Michael Schumacher is not so special. Throwing a Formula One car round corners at nearly 200 mph could be as simple as looking where you are going, researchers from Reading University in the UK now suggest. And they have a new computer model to prove it.

"Driving a car round a corner must be pretty simple as most of us don't even pay full attention," says psychologist John Wann. "We're usually chatting to friends or singing along to the radio." Schumacher may not be that relaxed, but Wann says everyone could learn how to take a corner as well as the racing driver.

In fact, many already have. Traffic police, motorcyclists and improving drivers are taught to look at the exit point of a curve, or at points on their intended path through tricky corners. Advanced driving manuals suggest that steering will then naturally proceed towards that point. Wann and his colleague David Swapp now explain why in Nature Neuroscience1.

Most researchers assume that to steer the brain calculates our 'heading' (direction in a straight line) and then compares this with the line we need to take. If these differ then we change course -- the accuracy of these calculations determines whether we negotiate the corner or finish in the next field. This requires a lot of neural processing.

But opinion zigzags like a learner driver on just how much information the brain needs to judge heading. Some argue that the eyes are sufficient, others that the brain is easily fooled into thinking it is moving -- when watching roller coaster footage for example -- and say that extra movement input is required.

Wann and Swapp offer a new steering model that makes such arguments irrelevant. Provided drivers look at their destination, they say, retinal images alone are enough to steer -- the information does not need to be processed into 'heading'. This particular by-pass is quick, easy and available to all. Taking a bend becomes a simple matter of picking the right spot to watch.

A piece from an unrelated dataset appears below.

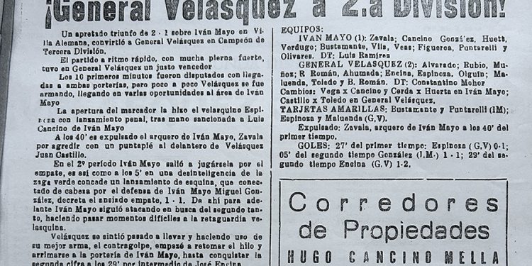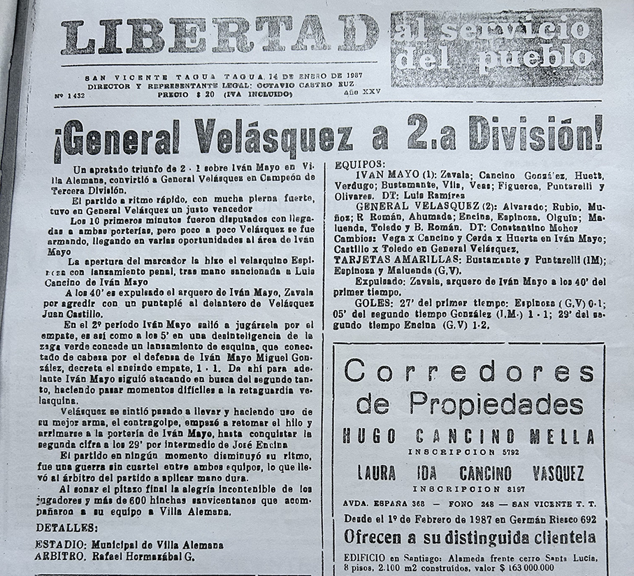 Portada del diario Libertad, del 14 de enero de 1987, en que da cuenta del título de General Velásquez en el torneo de Tercera División 1986 obtenido el 11 de enero tras derrotar a Iván Mayo en Villa Alemana. Con esto, lograba el ascenso a la Segunda División.

Science fiction fans have the best chance of understanding why. Stars streak out when spacecraft are shown accelerating to light speed. When the Millennium Falcon turns sharp left the stars appear to flow to the right. These stellar lines can represent how images 'flow' across the retina: look dead ahead while moving forwards and flow lines are straight, glance to the side and they tilt.

If drivers focus at a point on a curve, then it appears at the centre of this display. Flow lines then show if the car will pass through that point. Steer too sharply on a left-hand bend, for example, and flow lines turn to the right. This instant feedback allows the brain to judge future paths without knowing 'heading' the researchers say.

Frank Bremmer, a neurobiologist who studies motion perception at Ruhr University in Bochum, Germany says that the new theory combines several previously held views. Unpublished work from his laboratory agrees with this model, he says, though he is not convinced it is accurate for all situations. "You cannot rule out that heading information is used. It is available and the brain makes use of all available information," he says.


  1. Wann, J. P. & Swapp, D. K. Why you should look where you are going. Nature Neuroscience 3, 647-649 (2000).